§ **What needs to be done**
The part below that opens with the line containing "Simulation scale for" and closes with the line containing "- DURABLE MATERIAL" should be copied exactly, minus any pictures.

§ **Record set**
__________________________________________________

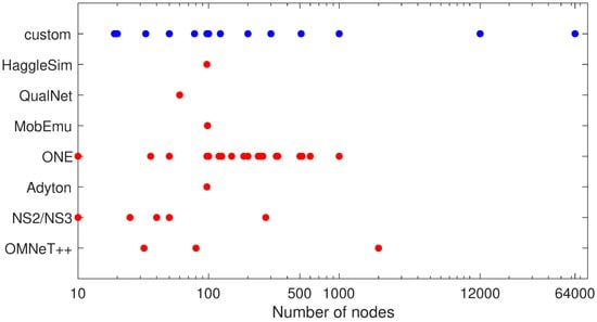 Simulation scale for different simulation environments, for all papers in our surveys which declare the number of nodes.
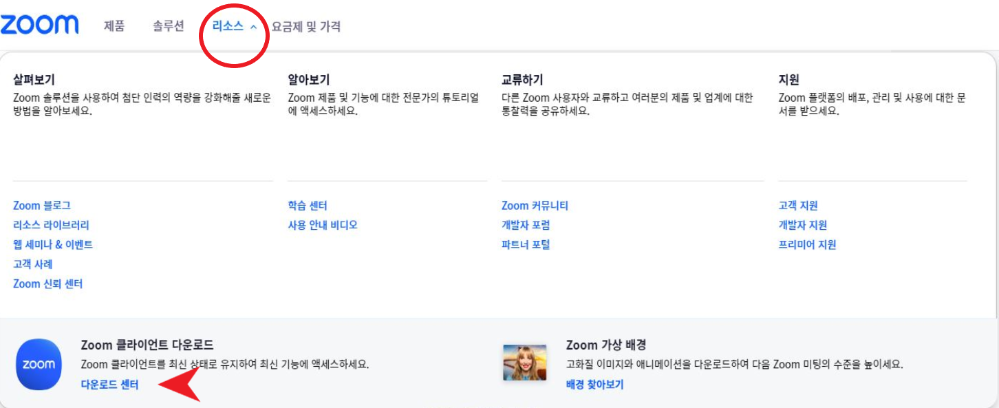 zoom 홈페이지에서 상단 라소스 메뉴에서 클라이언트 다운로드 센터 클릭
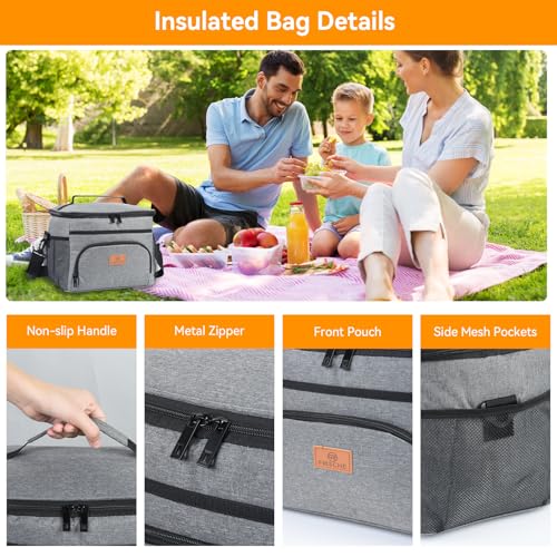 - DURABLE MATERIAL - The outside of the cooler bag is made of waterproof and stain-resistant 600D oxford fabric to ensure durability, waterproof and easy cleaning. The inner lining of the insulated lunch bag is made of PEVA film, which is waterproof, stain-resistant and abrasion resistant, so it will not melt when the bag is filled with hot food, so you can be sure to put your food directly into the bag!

__________________________________________________

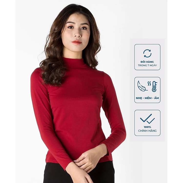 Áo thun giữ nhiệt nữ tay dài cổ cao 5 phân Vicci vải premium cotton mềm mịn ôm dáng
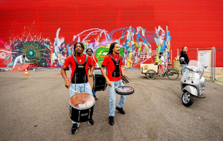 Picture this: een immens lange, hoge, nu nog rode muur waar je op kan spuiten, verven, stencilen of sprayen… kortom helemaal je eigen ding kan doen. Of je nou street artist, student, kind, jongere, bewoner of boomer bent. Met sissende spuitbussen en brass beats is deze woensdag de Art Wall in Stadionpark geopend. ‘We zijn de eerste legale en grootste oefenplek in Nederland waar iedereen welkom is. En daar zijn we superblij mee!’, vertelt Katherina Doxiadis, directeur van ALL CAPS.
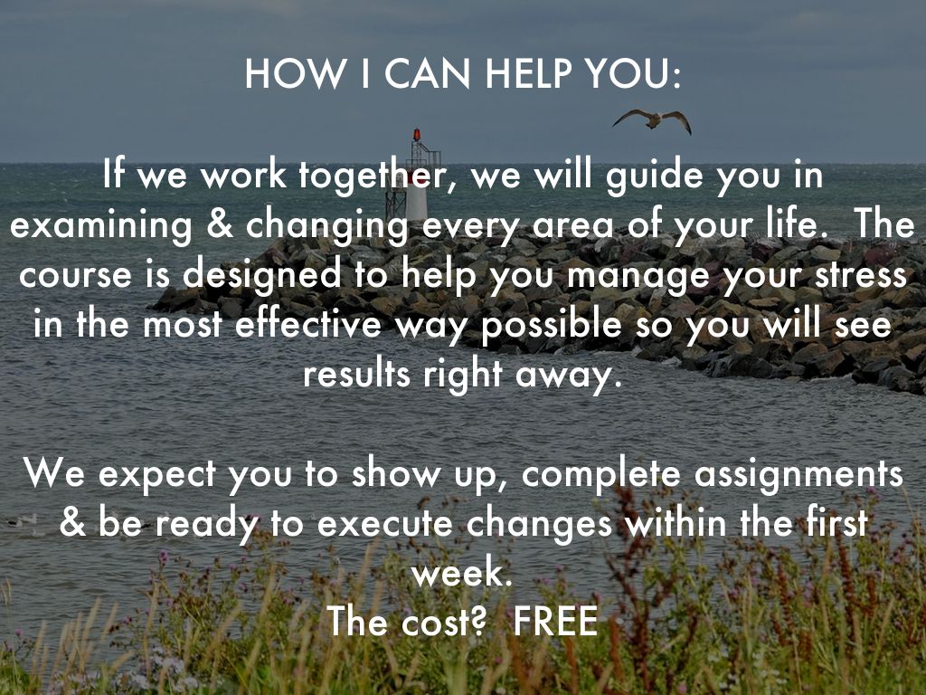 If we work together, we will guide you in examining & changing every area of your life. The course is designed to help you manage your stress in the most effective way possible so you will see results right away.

__________________________________________________

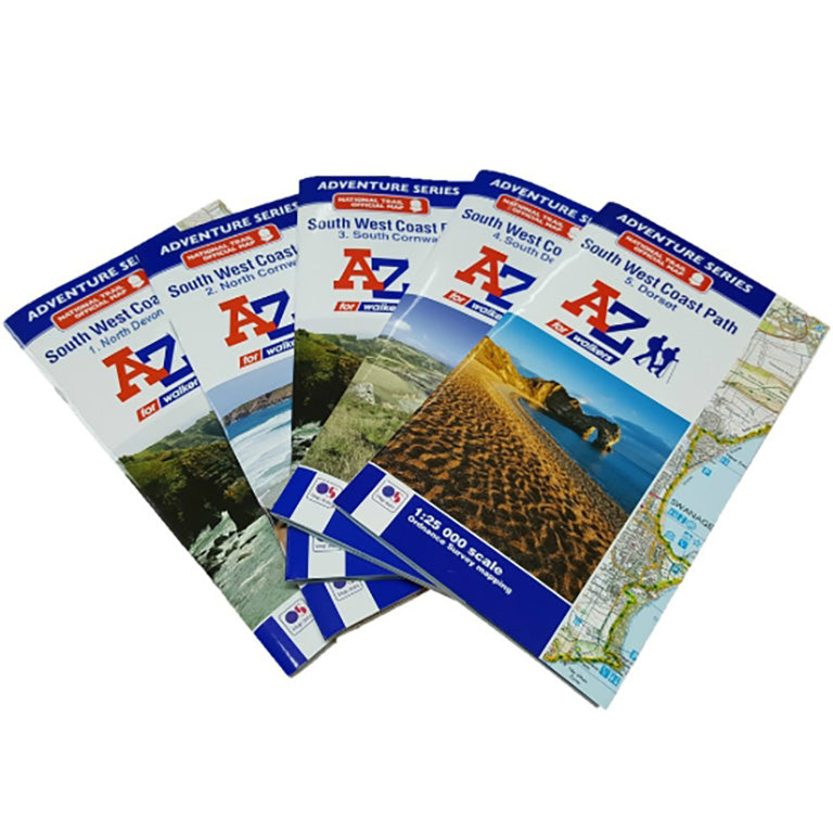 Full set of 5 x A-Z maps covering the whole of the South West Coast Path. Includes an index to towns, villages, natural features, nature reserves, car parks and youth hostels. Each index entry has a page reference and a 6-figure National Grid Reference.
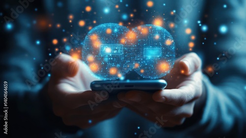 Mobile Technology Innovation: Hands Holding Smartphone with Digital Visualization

__________________________________________________

§ **Response to this exercise**
 Simulation scale for different simulation environments, for all papers in our surveys which declare the number of nodes.
 zoom 홈페이지에서 상단 라소스 메뉴에서 클라이언트 다운로드 센터 클릭
 - DURABLE MATERIAL - The outside of the cooler bag is made of waterproof and stain-resistant 600D oxford fabric to ensure durability, waterproof and easy cleaning. The inner lining of the insulated lunch bag is made of PEVA film, which is waterproof, stain-resistant and abrasion resistant, so it will not melt when the bag is filled with hot food, so you can be sure to put your food directly into the bag!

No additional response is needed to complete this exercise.